**What to produce:** The output should be the listing below, limited to the lines from the one with "第六步 剪完外围多余的彩纸之后 再剪里面的镂空部分" through the one with "Deko, Symbolbild, Themenbild", exact and without pictures.

**Material for the task:**
━━━━━━━━━━

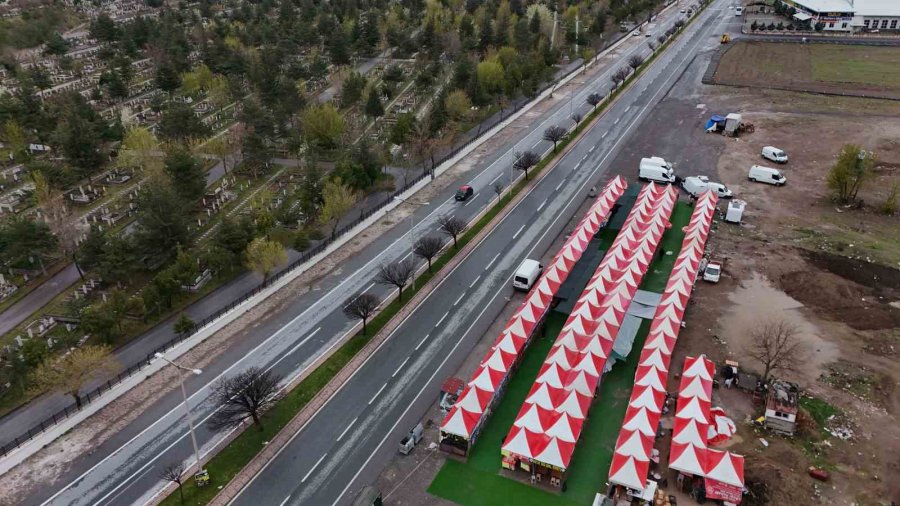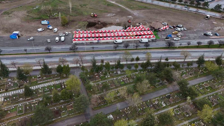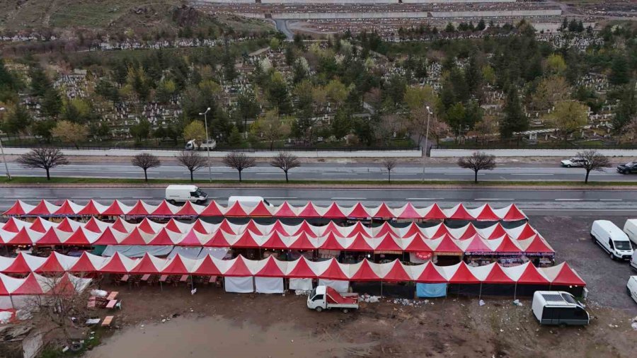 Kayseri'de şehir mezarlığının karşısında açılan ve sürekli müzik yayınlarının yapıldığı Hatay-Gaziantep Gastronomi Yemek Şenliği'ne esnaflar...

━━━━━━━━━━

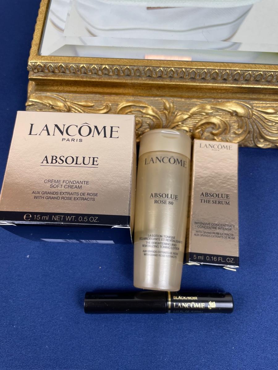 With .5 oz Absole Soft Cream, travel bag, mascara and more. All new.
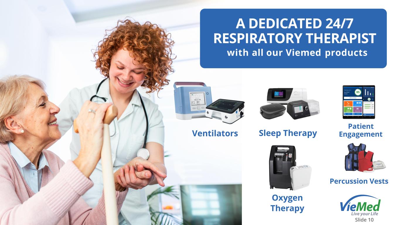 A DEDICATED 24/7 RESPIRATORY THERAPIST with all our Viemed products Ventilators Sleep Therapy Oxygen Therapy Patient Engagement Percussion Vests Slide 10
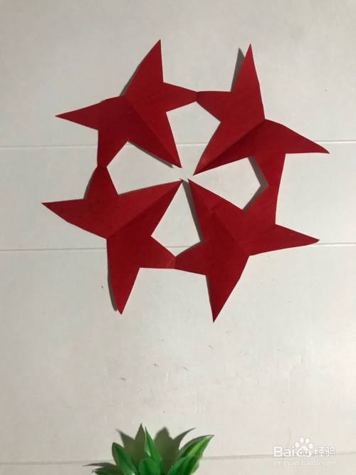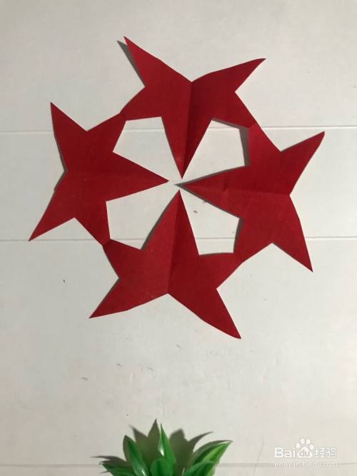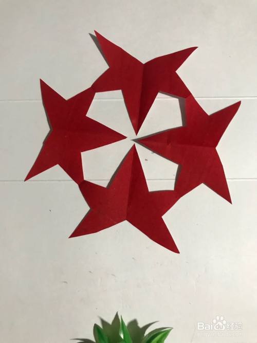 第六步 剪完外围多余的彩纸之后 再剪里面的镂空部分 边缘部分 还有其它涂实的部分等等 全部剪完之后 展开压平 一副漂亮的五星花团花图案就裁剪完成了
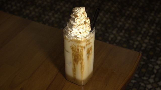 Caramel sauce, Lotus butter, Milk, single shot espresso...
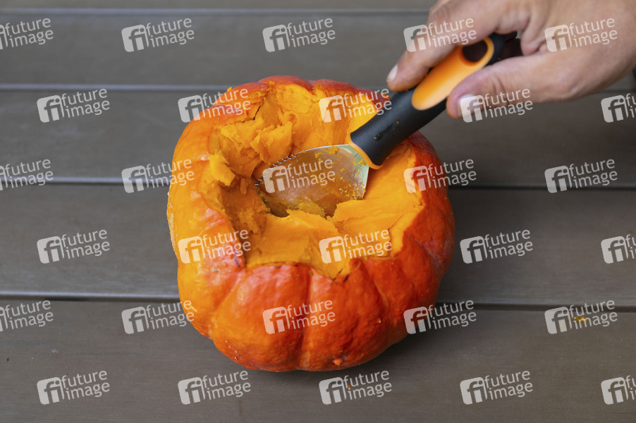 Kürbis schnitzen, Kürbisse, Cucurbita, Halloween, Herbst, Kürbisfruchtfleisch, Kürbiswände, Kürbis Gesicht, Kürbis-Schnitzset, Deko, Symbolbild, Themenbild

━━━━━━━━━━

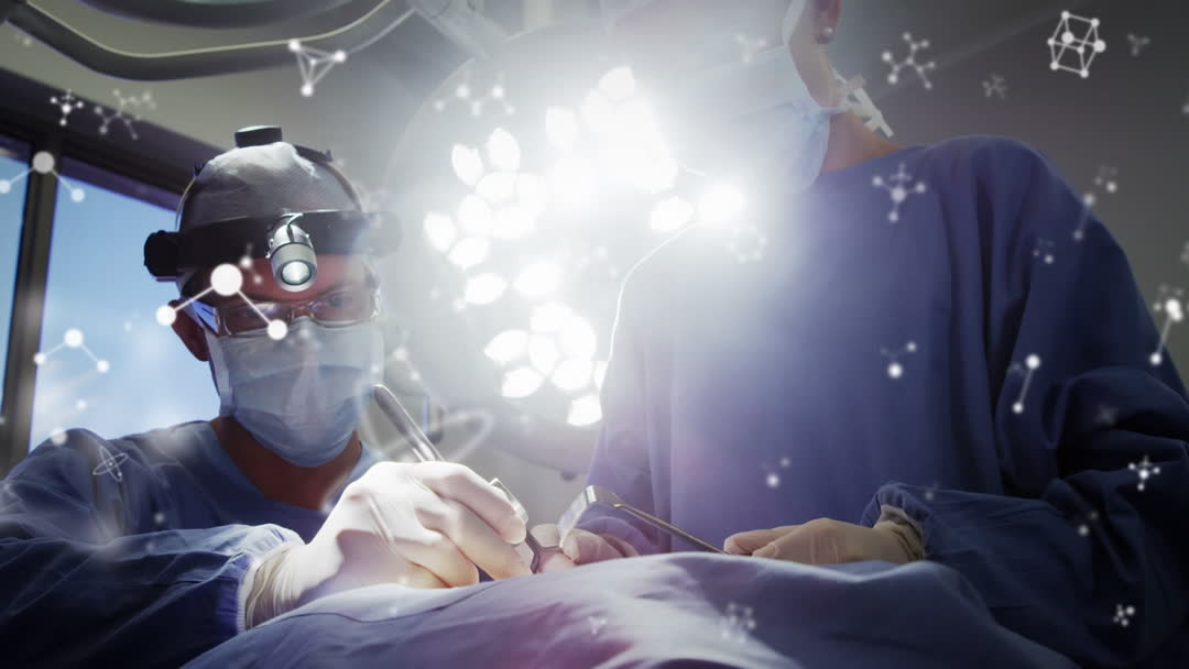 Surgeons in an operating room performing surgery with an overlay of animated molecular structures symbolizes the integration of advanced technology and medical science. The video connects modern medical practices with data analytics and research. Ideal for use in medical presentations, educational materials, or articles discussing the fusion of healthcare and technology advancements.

━━━━━━━━━━

**Reply to the task:**
 第六步 剪完外围多余的彩纸之后 再剪里面的镂空部分 边缘部分 还有其它涂实的部分等等 全部剪完之后 展开压平 一副漂亮的五星花团花图案就裁剪完成了
 Caramel sauce, Lotus butter, Milk, single shot espresso...
 Kürbis schnitzen, Kürbisse, Cucurbita, Halloween, Herbst, Kürbisfruchtfleisch, Kürbiswände, Kürbis Gesicht, Kürbis-Schnitzset, Deko, Symbolbild, Themenbild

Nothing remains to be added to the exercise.